Git Part I — The Basics
An insult to British people, but also a system of file version control
Stop me if you’ve heard this one before: contrary to popular belief, Git and GitHub are not one and the same. There, now that’s out of the way. Photo by Luke Chesser on Unsplash.
Coding is an act of creation. Creation at its most marvelous, more often than not, is the result of iteration, collaboration, and people saying pointed Words to each other.
And tracking that kind of is stuff messy.
Tools like Git mean to keep the mess to a minimum while people improve their projects and work together.
Git: The Nutshell
Git is what is called a “version-control system”: it aims to regulate how files are altered, and by whom, over time. But since people who code and what they code is vast and sprawling, Git tracks these changes made in a “distributed, non-linear” way.

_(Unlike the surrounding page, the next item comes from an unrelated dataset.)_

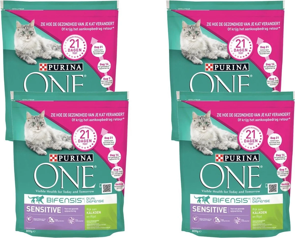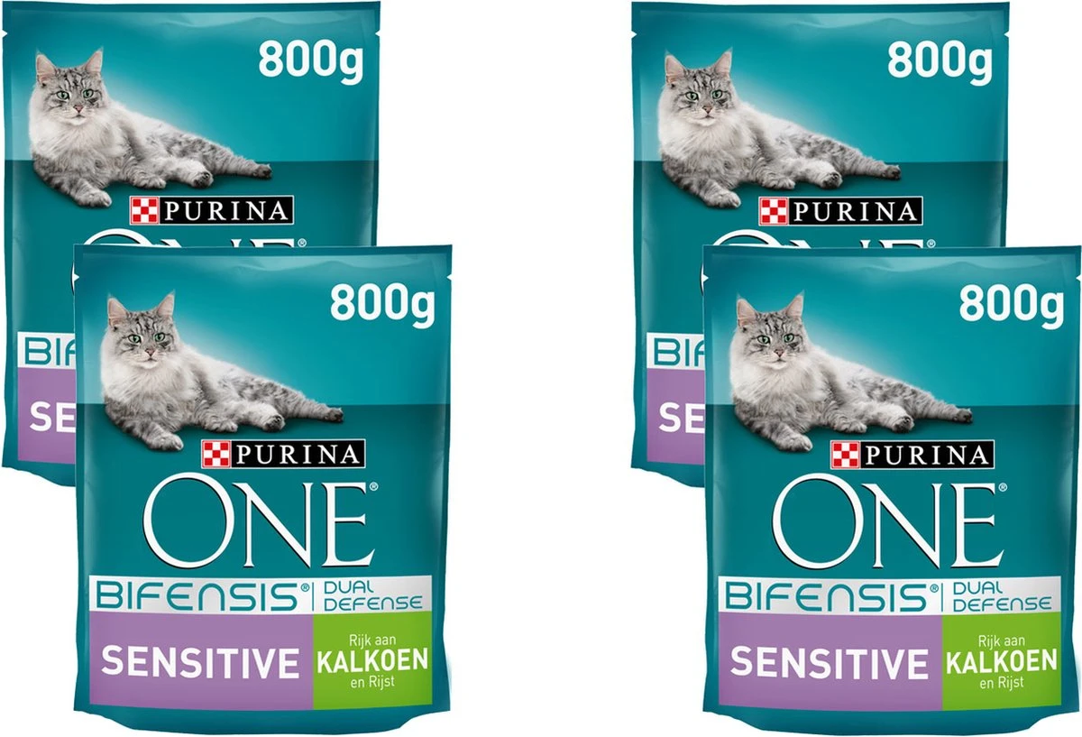 Purina One Sensitive – Kattenvoer – 4 X Kalkoen Rijst 800 G

That means you don’t have to wait for Joe Programmer across the hall (or the world) to finish making changes to a project before you contribute to it. Using branches, commits, and comparative algorithms, Git lets code jockeys split off, merge, and clone projects to create a (eventual and hopeful) better whole.

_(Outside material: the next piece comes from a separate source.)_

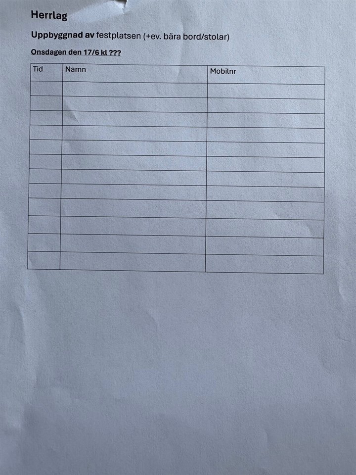 Hjälper till med uppbyggnad av festplatsen,0707976859

Likewise, even if you are a Team of Three (me, myself, and I), with Git you can accurately track and maintain discrete versions of the same project.
GitHub: The Clarification
GitHub is a web hosting service and repository built around Git. GitHub uses software to wrap Git in a friendly UI that facilitates online collaboration and eases onboarding of its use. GitHub is not the only of its kind, but it certainly is the current Big Dog of internet collaboration.

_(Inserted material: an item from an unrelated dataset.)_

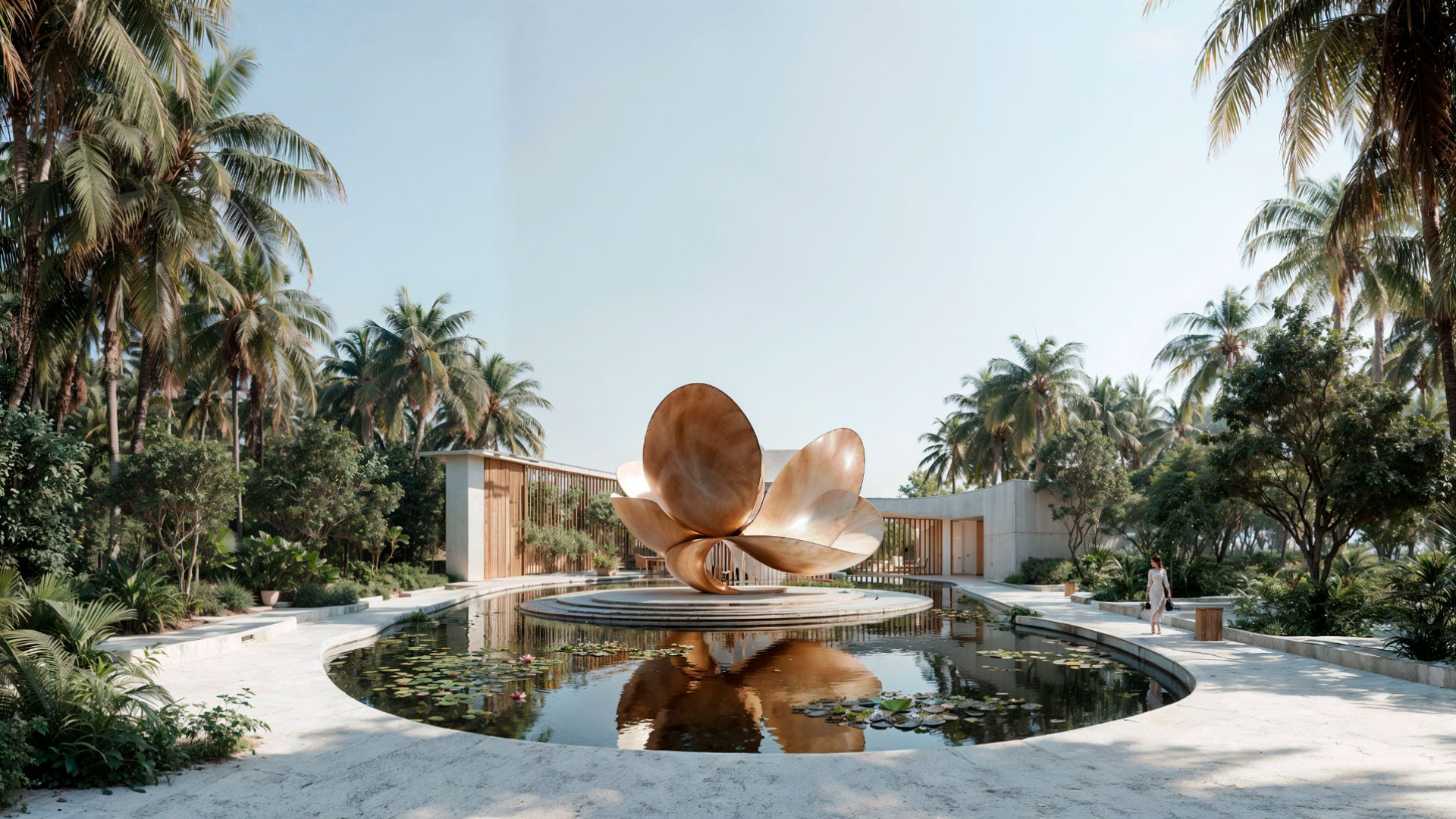 A stretch of white sand caressed by the crystal-clear waters of a lagoon, surrounded by palm trees and subtropical vegetation.

Due to its prominence in the digital space, GitHub occasionally can get confused with Git itself. Where Git is the protocol, the language, and the methodology of this type of distributed version control, GitHub is a really shiny and polished package that makes Git more accessible.
Although still primarily for software development, users of GitHub can store and keep track of files for almost any sort of project, like a community-made recipe book, design iterations for a company logo, or those fifty-thousand pictures of your oldest child.
It can store pictures of your younger children, too. That is, if you can find any.